# Uroplatus Viv - Not Darts :o!



## jamesthornton (Jan 7, 2010)

Getting 0.0.2 Uroplatus Guentheri from Hamm this weekend, man I can't wait!

Done their viv today, it's a 45x45x60 Exo Terra.

WTS









Stump









Lichen and Moss









Lichen









The plant is Schefflera, probably arboricola. Yellow Variegated variety.

The soil is eco earth and Dendrosoil from Dart frog.

Thoughts ?

James


----------



## D3monic (Feb 8, 2010)

Didnt know they made exo's that big! Love the Lichens.


----------



## jamesthornton (Jan 7, 2010)

D3monic said:


> Didnt know they made exo's that big! Love the Lichens.


CMs  18x18x24


----------



## vegas chad (Jul 21, 2008)

Looks good! Here is a uroplatus tank that I just finished up building.


----------



## zBrinks (Jul 16, 2006)

It looks really good! One suggestion - maybe include some pieces of cork/bamboo that are open at the end - U. guentheri seem to like to hide under bark, in tree holes, etc in the wild. 
You *may* have issues keeping the moss and the geckos happy - U. guentheri come from a much less tropical part of Madagascar than the rest of the genus.
They also have a tendency to fall and hit the ground running when startled, so be careful!
I have not been fortunate enough to get a hold of some guentheri in the US. I'm currently working with U. phantasticus, U. sikorae, U. ebanui, U. lineatus, and U. pietschmanni.


----------



## jamesthornton (Jan 7, 2010)

zBrinks said:


> It looks really good! One suggestion - maybe include some pieces of cork/bamboo that are open at the end - U. guentheri seem to like to hide under bark, in tree holes, etc in the wild.
> You *may* have issues keeping the moss and the geckos happy - U. guentheri come from a much less tropical part of Madagascar than the rest of the genus.
> They also have a tendency to fall and hit the ground running when startled, so be careful!
> I have not been fortunate enough to get a hold of some guentheri in the US. I'm currently working with U. phantasticus, U. sikorae, U. ebanui, U. lineatus, and U. pietschmanni.


Hi,

The large stump in the corner is nearly hollowed out and has a nice hide in the back. In regards to the moss and the geckos, do you mean the temperature?

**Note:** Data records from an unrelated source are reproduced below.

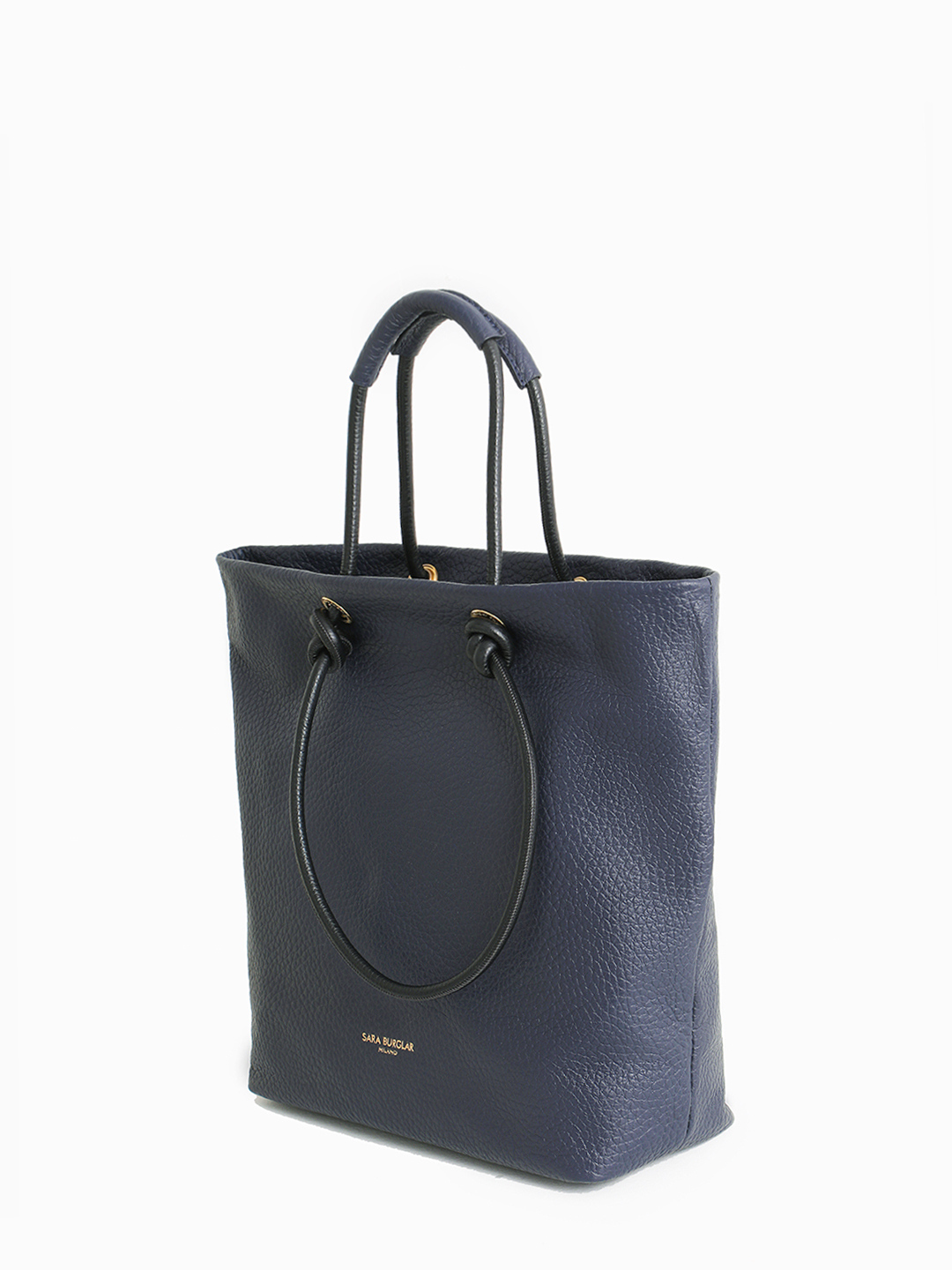 Синяя сумка-шоппер с объёмными узлами на ручках от Sara Burglar
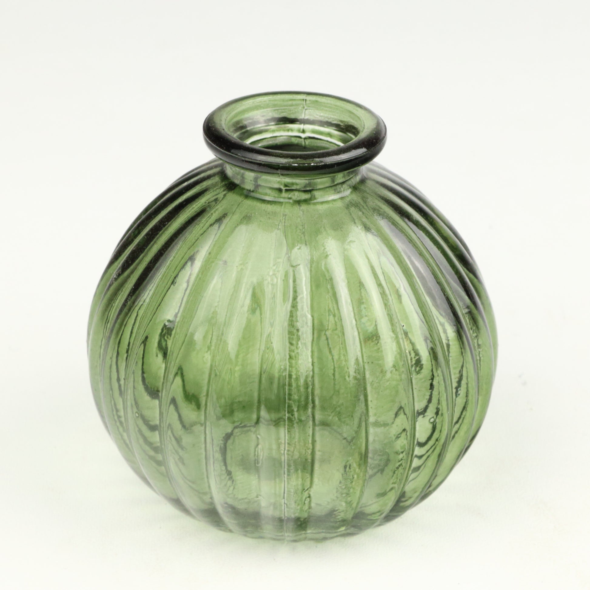 This candlestick's distinctive ribbed glass texture catches light beautifully, creating an elegant focal point for any room. The refined spherical silhouette brings contemporary sophistication to traditional candlelit ambiance. A versatile piece that complements both modern and classic interiors. Handmade, each piece is unique.
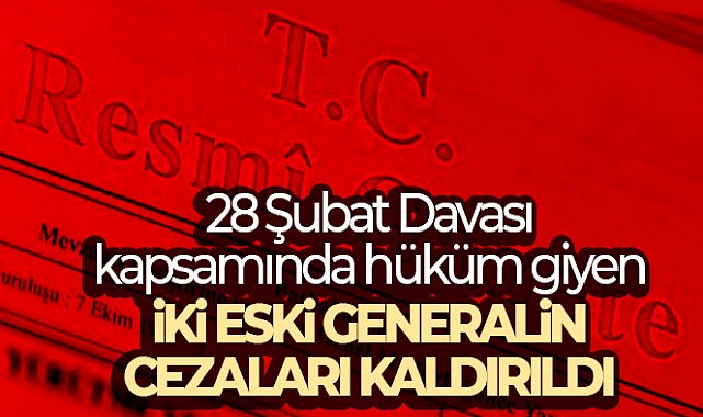 Cumhurbaşkanı Kararıyla, 28 Şubat Davası kapsamında müebbet hapis cezasına çarptırılan eski Orgeneral İlhan Kılıç ve eski Tümgeneral Kenan Deniz’in cezaları kaldırıldı.
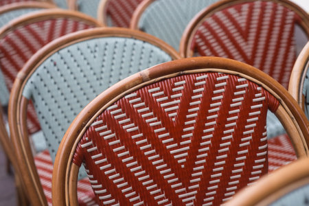 Closeup of green and red wooden chairs at the retro terrasse of restaurant in the street
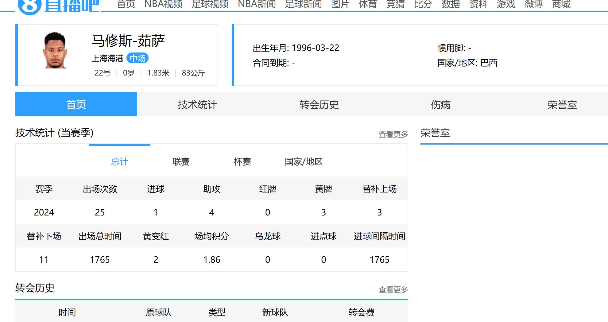 看看第三方的数据统计,巴西外援茹萨在2024赛季,总共出场25次,有1个进球,还有4个助攻, 替补上场3次,替补下场11场, 总共1765分钟,从这个数据来看,茹萨才是上港的天命人,就好像黑神话悟空一样神勇无比!
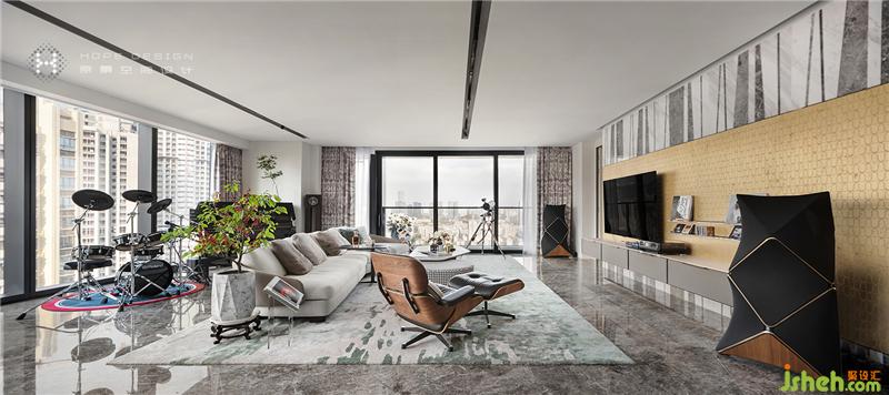 以MODERN ART -DECO的曲調(diào)譜寫一首獻(xiàn)給流金歲月的歌,運(yùn)用金屬材質(zhì)的烘托讓它得以播放,相互交織、拼接的紋路讓空間元素更加豐富,而其本身獨(dú)有的延展性特點(diǎn)使得客廳更加多元化且充滿質(zhì)感。
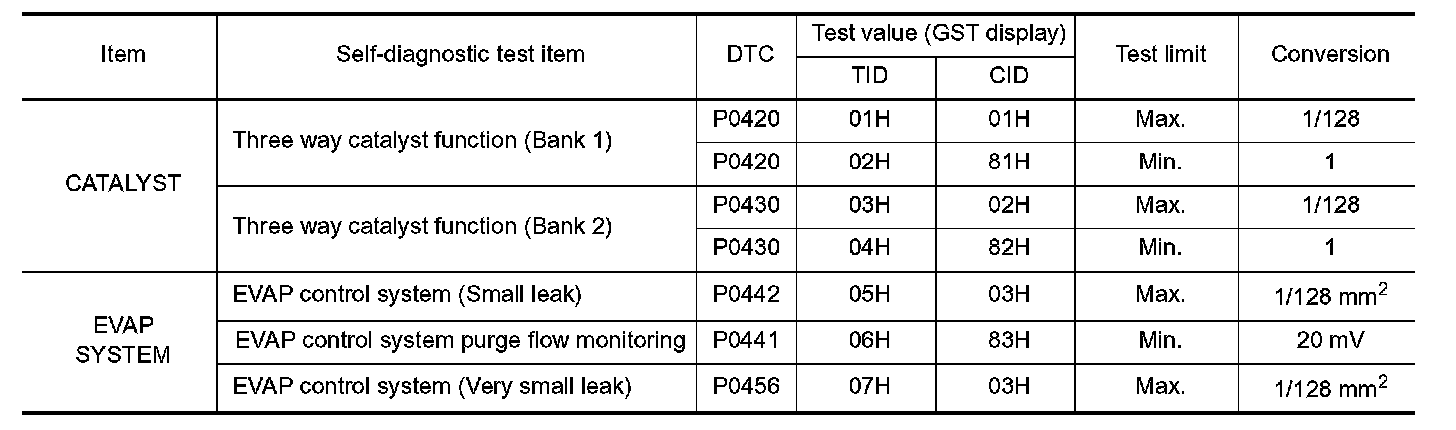 The test value is a parameter used to determine whether a system/circuit diagnostic test is OK or NG while being monitored by the ECM during self-diagnosis. The test limit is a reference value which is specified as the maximum or minimum value and is compared with the test value being monitored.
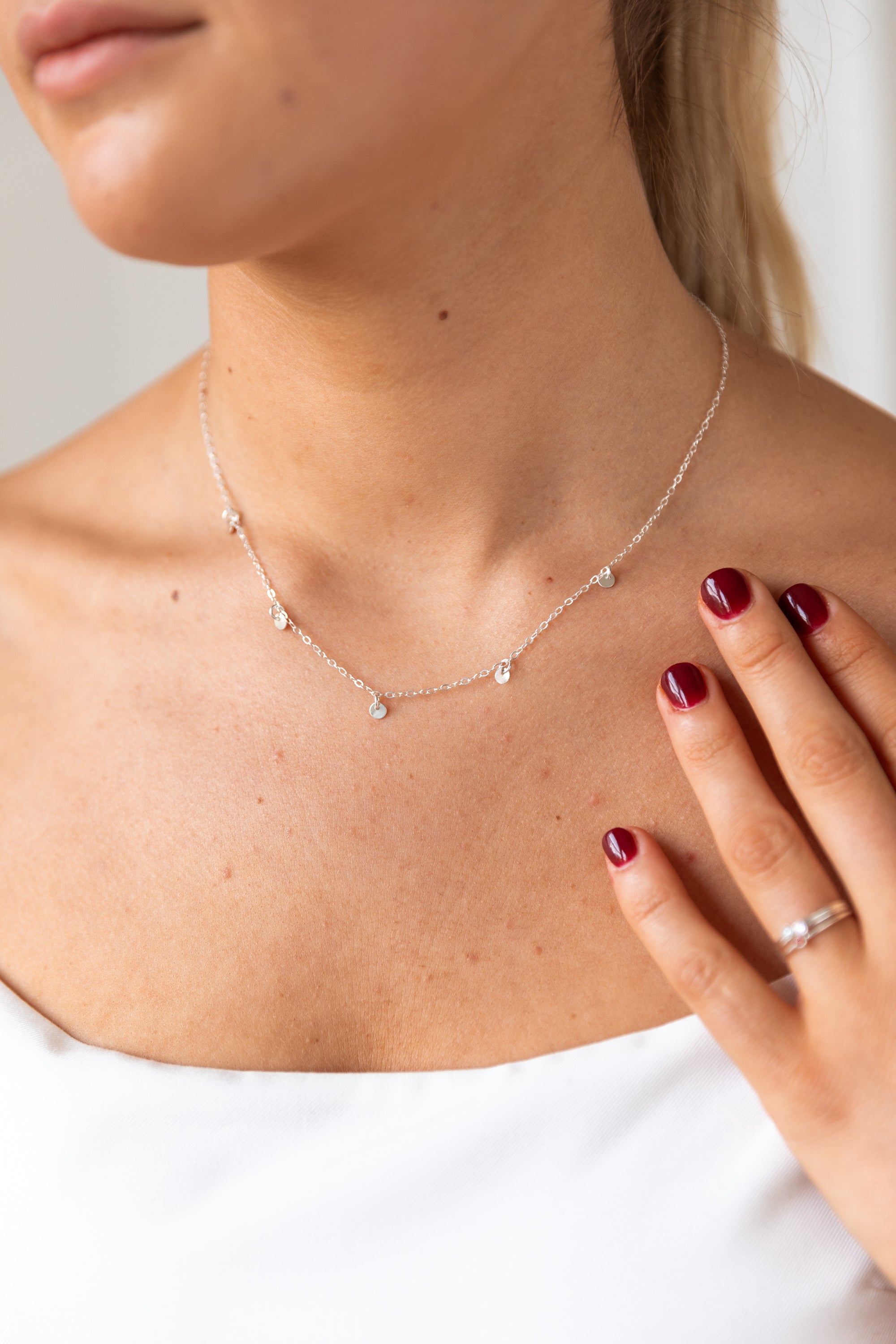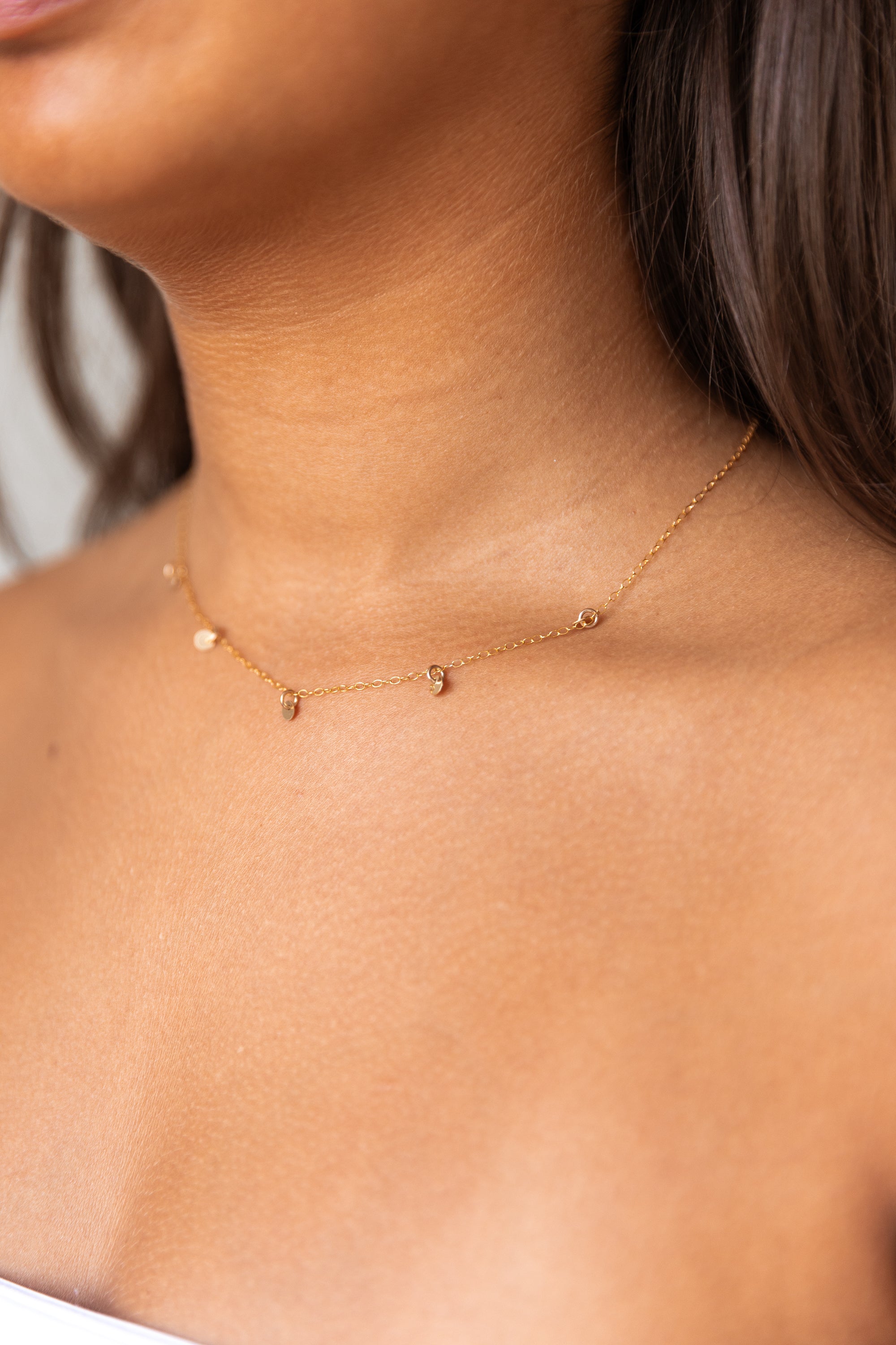 The necklace measures 17" in length and features small, delicate, tiny coin discs for a subtle, elegant touch. To add extra length, please click here.

The moss is actually local, got it from a woods near me, that I can guarantee has no pesticides or anything used on it. Hopefully it should do a bit better than some of the more tropical stuff.

Thanks guys


----------



## zBrinks (Jul 16, 2006)

As far as the moss, its more of moisture issue. If you dump water directly on it a couple times a week, it may do well for awhile. Temperate mosses also typically need a dormant period for a while to continue to grow, so it may do well for a year or so, then crash.

Good luck!


----------



## Eric Walker (Aug 22, 2009)

chad- what uro sp. is that tank for


----------



## vegas chad (Jul 21, 2008)

At the moment I have a Juvi Fimb in it. It should last him for a while however when I get some mossy’s I may put a pair or trio in it. A maddy shipment came in yesterday with some so I am going back on forth to get some of those or not... I am getting another trio of fimb for sure tho. /end hijack.


----------



## jamesthornton (Jan 7, 2010)

#1









#2









They're so so small, gonna have to keep them in a Faunarium for a while yet!


----------



## R1ch13 (Apr 16, 2008)

Lovely 

Did you have a good time at HAMM?

Think ima be going in September for sure if I can figure out the fastest and cheapest route without taking a plane 

Richie


----------



## jamesthornton (Jan 7, 2010)

R1ch13 said:


> Lovely
> 
> Did you have a good time at HAMM?
> 
> ...


Didn't go mate, got someone to pick up for me. I was afraid I'd spend more than I have if I went ehehe


----------



## wimvanvelzen (Nov 1, 2008)

Great looking chaps!


----------